- Görsel şölenlerin acemisiyim.
- Koreografinin acemisiyim.
- Dansın acemisiyim...
- Popun bile acemisiyim.
Ama yine de gittim konsere...
“Madem bunca şeyin acemisisin ne işin var oğlum Madonna konserinde” demeyin.
Hiçbiri yoksa bile “devasa bir heves” vardır.
* * *
Aşağıdaki notlar, Milli Görüş’ün 1997 yılında düzenlediği “Fetih Günü Şenliği” dışında herhangi bir stat etkinliğine katılmamış bir aceminin notlarıdır.
Bu durum hesaba katılarak okunsun lütfen...
* * *
- Madonna “provokatör” bir sanatçı... Yaptığı aykırılıklarla “sarsılmaz dünya sistemi”ni ne kadar sarmış bilmiyorum ama bildiğim bir şey var: Vatikan’ı kudurtmuş... Evet, evet... Düpedüz kudurtmuş.
- Sadece Vatikan’ı mı kızdırmış? Sayısız mahremiyeti ayaklarının altına alan, her türden politik figürü aykırılıklarına malzeme yapan birinden söz ediyoruz.

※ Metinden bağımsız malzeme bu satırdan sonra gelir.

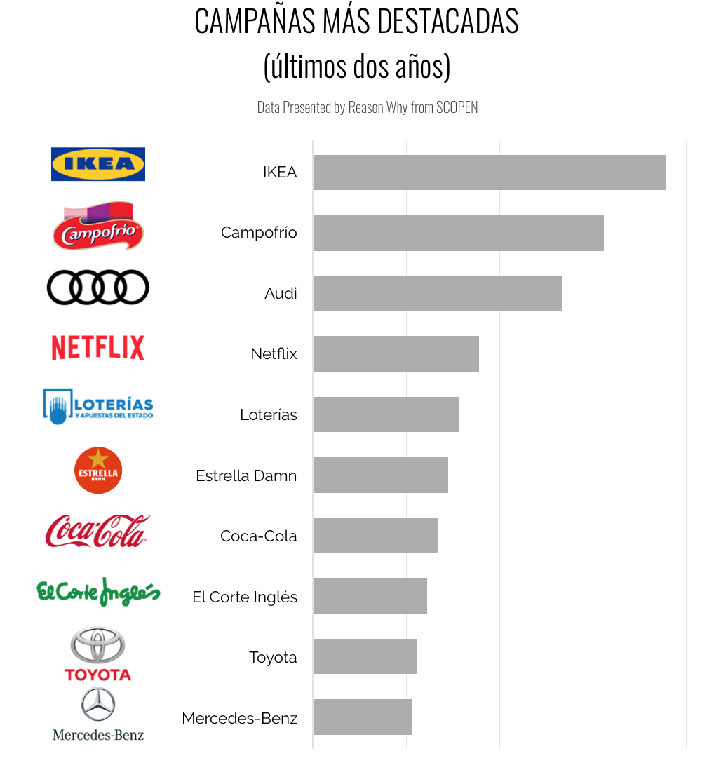 En segundo, tercer y cuarto lugar están Ikea, Apple y Campofrío. Las tres conservan su lugar en el ranking, en ese mismo orden. Cerrando el top 5 se cuela Nike, que sube dos posiciones con respecto al estudio de hace dos años. Las subidas más notorias han sido las protagonizadas por Netflix (que escala al séptimo puesto, viniendo del 34 en la anterior edición) y BBVA que esta vez consigue la décima posición, desde un anterior puesto número 27.

Kızdırdığı çok yani...
- Ne demişler, “fazla provokasyon kitle usandırır”. Anladığım kadarıyla şunca zamandır sürdürdüğü sanat hayatında yapılması gereken tüm aykırılıkları yapan Madonna’nın elinde pek “provokasyon malzemesi” kalmamış.
- Fakat Madonna çapında bir provokatör, var oluşunu, ayakta kalmasını, biricikliğini ve efsane oluşunu sadece provokasyonlara bağlayamaz. Yepyeni mecralar bulur kendine. Bulmuş da...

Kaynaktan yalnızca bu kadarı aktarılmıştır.